▸ **Source data**:
Segment Open

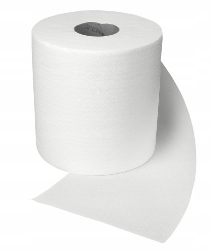 Czyściwo papierowe białe solidnie nawinięte, posiada perforację ułatwiającą odrywanie odcinków papieru z roli.
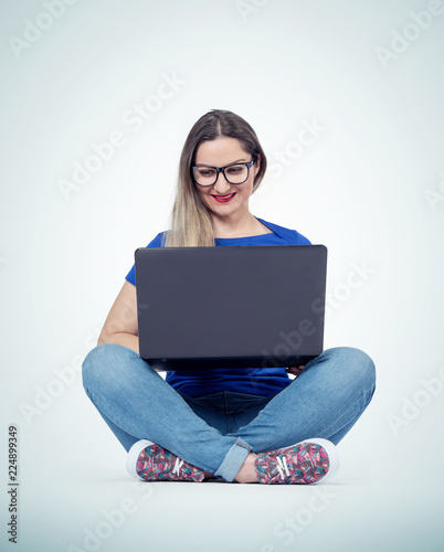 © afxhome, Naklejka premium Happy young woman with smile working or typing on laptop while sitting in lotus pose on the floor over light background
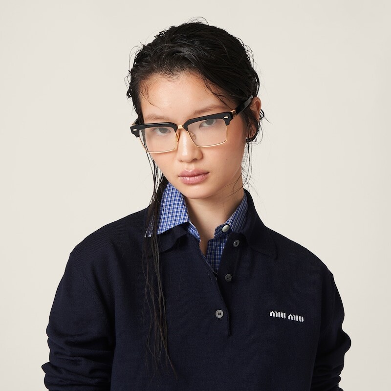 Шерстяная трикотажная рубашка Miu Miu, синий
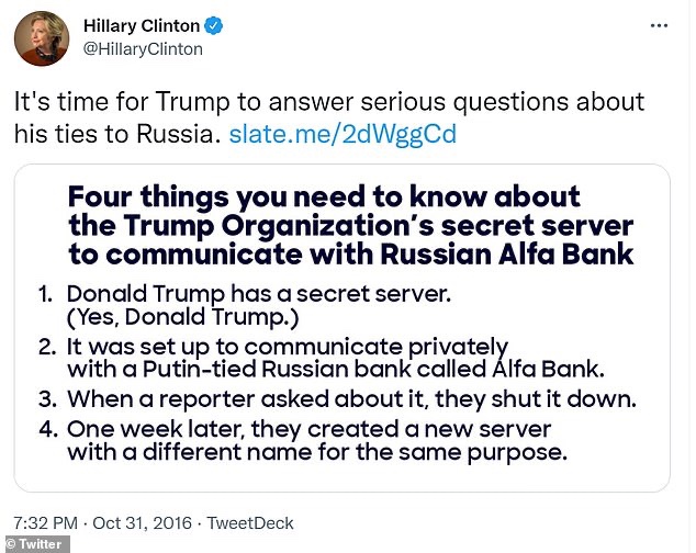 Mientras se postulaba para el cargo más alto de la nación, Clinton impulsó la narrativa de que Trump se estaba comunicando en secreto con los rusos a través del Alfa Bank del país.

Segment Closed

▸ **Exercise aim**:
Reproduce the data above word for word from its first line through the line that holds "Шерстяная трикотажная рубашка Miu Miu, синий", both ends included; skip pictures.

▸ **Solved exercise**:
 Czyściwo papierowe białe solidnie nawinięte, posiada perforację ułatwiającą odrywanie odcinków papieru z roli.
 © afxhome, Naklejka premium Happy young woman with smile working or typing on laptop while sitting in lotus pose on the floor over light background
 Шерстяная трикотажная рубашка Miu Miu, синий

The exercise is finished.